An Emirati financial firm is planning to invest at least $30 billion in a new climate fund in partnership with some of the biggest names in North American finance, according to three people familiar with the plans.
The move comes as the United Arab Emirates, this year’s host of the annual United Nations climate talks that opened in Dubai on Thursday, is under pressure to prove it is committed to tackling global warming despite the fact that its economy is based on oil production.
Lunate Capital, a new financial firm overseen by the Abu Dhabi royal family, was started just months ago with at least $50 billion in assets.
On Friday, Lunate is expected to announce it will set up the new climate fund with a handful of prominent asset managers including TPG, BlackRock and Brookfield Asset Management, the three people said.
Lunate and BlackRock did not immediately reply to requests for comment. TPG and Brookfield declined to comment.
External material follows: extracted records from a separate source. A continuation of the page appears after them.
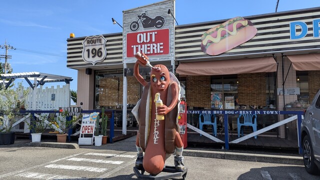 這是一家位於海邊街道的美式外觀的駐車餐廳,讓人忍不住想要進去。 明顯是一對騎士夫婦經營,提供各式各樣的熱狗,還有意外的豐富菜單。 這次我點了【辣味熱狗套餐】1,180日圓。 沙拉搭...查看詳情
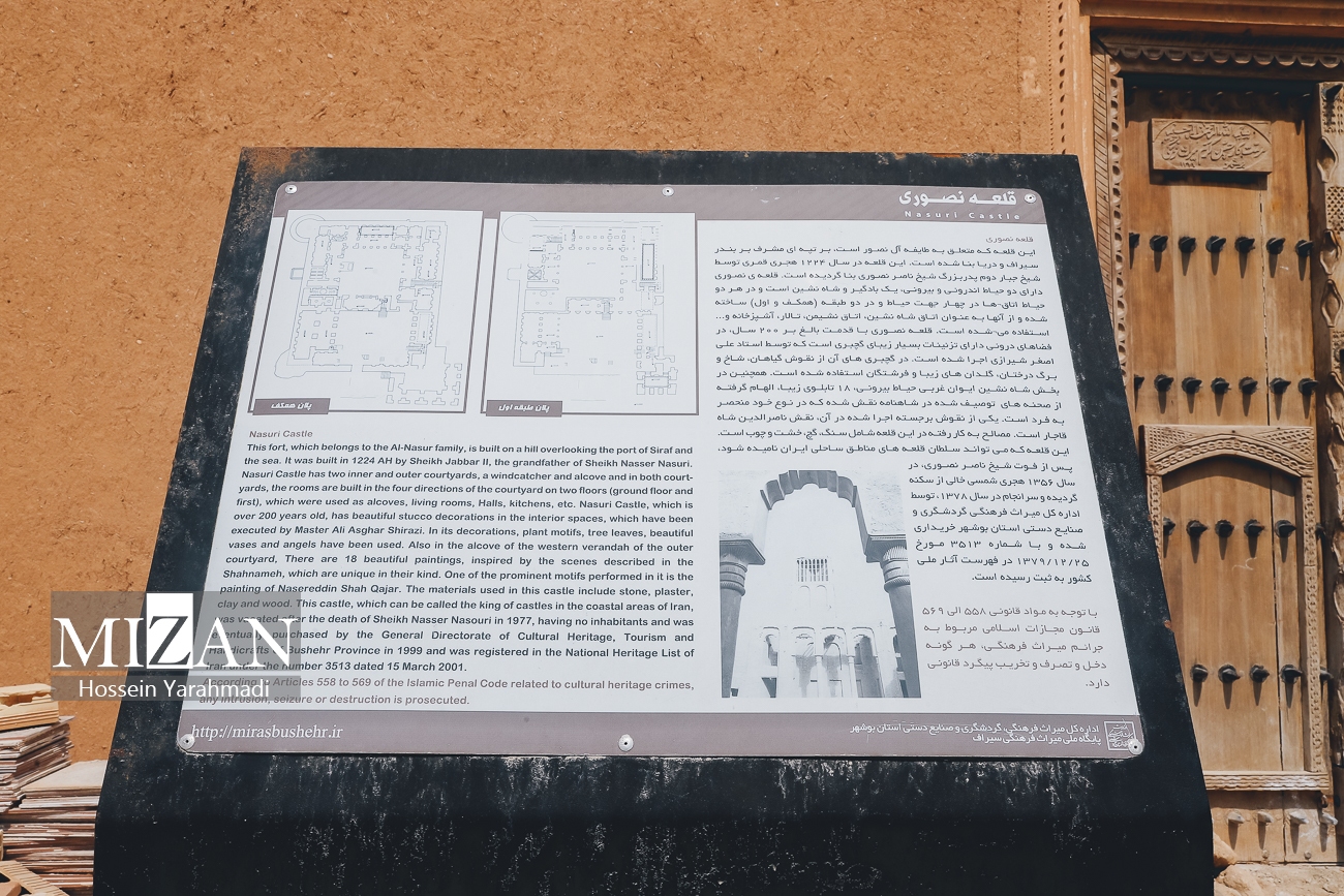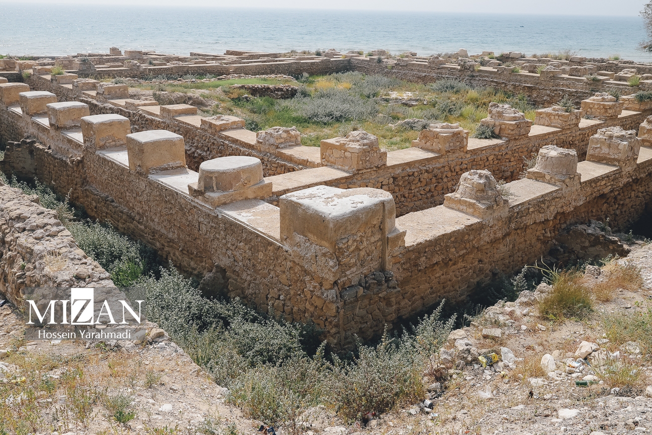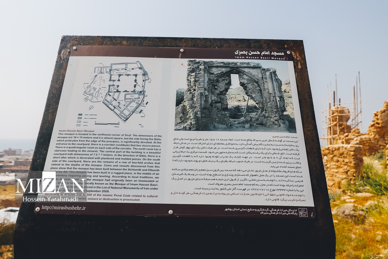 سیراف یکی از قدیمیترین و پررونقترین بندرهای کشور در دوره ساسانی بوده و روابط تجاری زیادی با روم و یونان در اروپا و ماداگاسکار در آفریقا تا کانتون چین در آسیا داشت. این بندر مابین بندر کنگان و بندر عسلویه واقع شدهاست و دارای معماری خاصی است. این بندر بین دریا و کوه قرار گرفته و تنها دارای یک خیابان است. در بعضی جاها فاصله کوه تا دریا به ۳۰ متر هم نمیرسد به همین دلیل برخی خانههای مردم روی کوه بنا شدهاست. از آثار تاریخی آن میشود به قلعه نصوری و آثار باستانی بنای مسجد جامع (که بر روی پی یک عمارت ساسانی ساخته شده)، مسجد امام حسن بصری، عمارت شیخ جبار نصوری، و گور دخمهها و سیستم آبرسانی دوره ساسانی اشاره کرد. سفالهای بازمانده با نقشهای گوناگون، پارچهها و زیورآلات، معماریهای گچی و اتاقهای آذین شده به آثار هنری و ساختمانهای دو سه طبقه بخشی از میراث بجا مانده از آن تمدن است. اما زمین لرزه مرگبار هفت روزه سال سیصد و شصت و هفت هجری قمری مدفون شدن کامل این بندر را در پی داشت.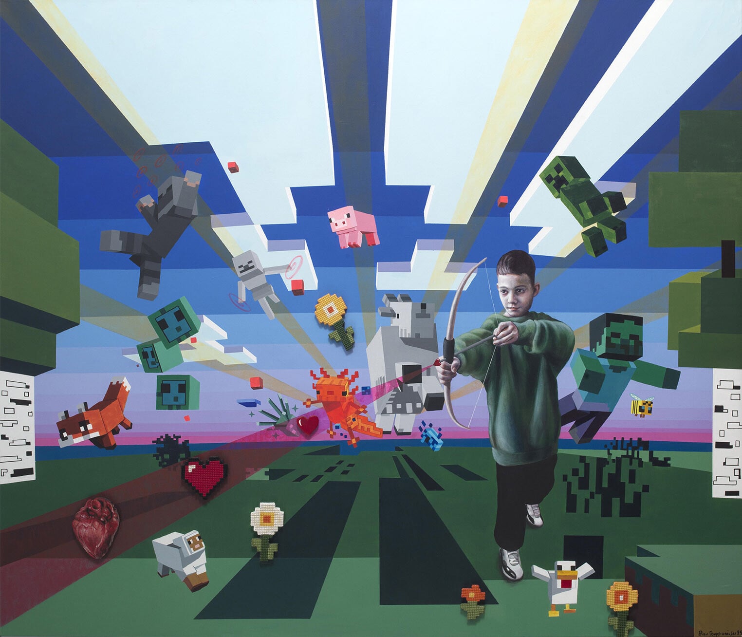 Τα έργα της Βίκυς Γεωργιοπούλου διερευνούν την εύθραυστη ισορροπία ανάμεσα στην προσωπική εμπειρία και στις κοινωνικές και πολιτικές συνθήκες που τη διαμορφώνουν. Σε έναν κόσμο που μοιάζει ολοένα πιο δυστοπικός, η ανθρώπινη ύπαρξη αποκαλύπτεται εκτεθειμένη, ευάλωτη και συχνά βαθιά μόνη. Οι μορφές που εμφανίζονται στους πίνακές της κουβαλούν τα σημάδια της εποχής τους. Ο πόλεμος, η βία, η πείνα και η αναγκαστική μετανάστευση λειτουργούν ως αόρατες δυνάμεις που διαπερνούν τα σώματα και τις ιστορίες τους. Παιδιά και ηλικιωμένοι, οι πιο ευάλωτες ηλικιακές ομάδες, εμφανίζονται παγιδευμένοι ανάμεσα στην ανάγκη για προστασία και στην αδιαφορία ενός κόσμου που κινείται με ταχύτητα και σκληρότητα.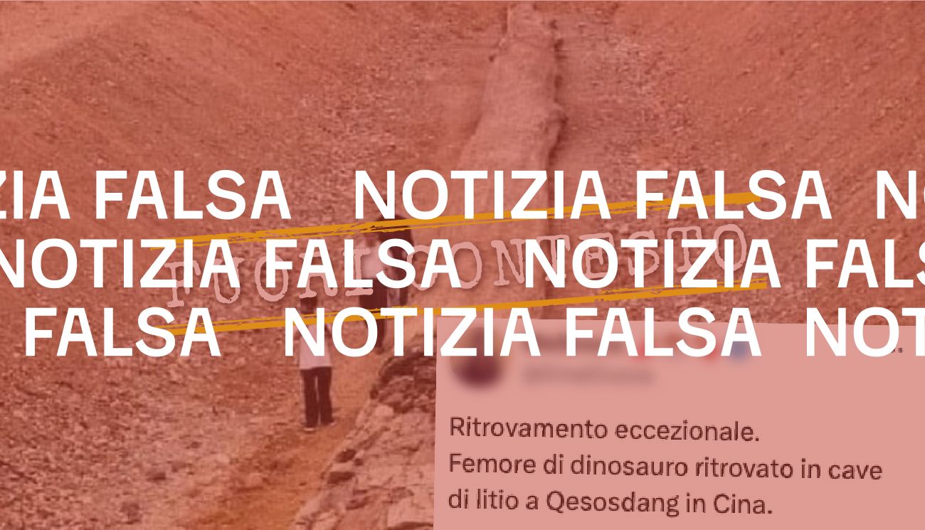 Il 3 luglio 2024 è stata pubblicata su X una foto che mostra quattro persone che camminano di fianco a quello che sembra un grande tronco di un albero steso a terra su un terreno ghiaioso. Secondo chi l’ha condivisa si tratterebbe del «ritrovamento eccezionale» di un «femore di dinosauro ritrovato in cave di litio a Qesosdang in Cina».

It was not yet clear what kinds of projects or companies the funds would invest in. But at least 20 percent of the funds, would be earmarked for projects in the developing world, where it is especially difficult to finance clean energy projects because interest rates are high and lenders shy away from what they perceive as risky investments.
While the U.A.E. is one of the biggest oil producers in the world, it is also investing heavily in renewable energy. The head of the U.A.E.’s state oil company, Sultan al Jaber, is also the president of the United Nations climate conference, known as COP28.
Lunate is affiliated with Chimera Investment, one piece of the sprawling business empire affiliated with Abu Dhabi’s ruling family. It is overseen by Sheikh Tahnoon bin Zayed Al Nahyan, a brother of the United Arab Emirates’ leader, Mohammed bin Zayed Al Nahyan.
While the $30billion is a significant sum, it represents just a fraction of the capital experts say is needed to help nations slow down climate change and adapt to a rapidly warming world.
Indeed, the amount of money needed to shift the world away from fossil fuels and build out a clean economy is staggeringly huge — some $3.8 trillion per year just in the next few years, according to BCG, and many trillions more after that. Just a fraction of that need is currently being met.
Yet with each passing month, more asset managers around the globe are pouring money into investments aimed at reducing planet-warming emissions from the burning of oil, gas and coal.
Just last year, TPG raised $7.3 billion for a climate fund, BlackRock raised more than $4 billion for a climate-focused infrastructure fund, and Brookfield raised a $15 billion climate fund.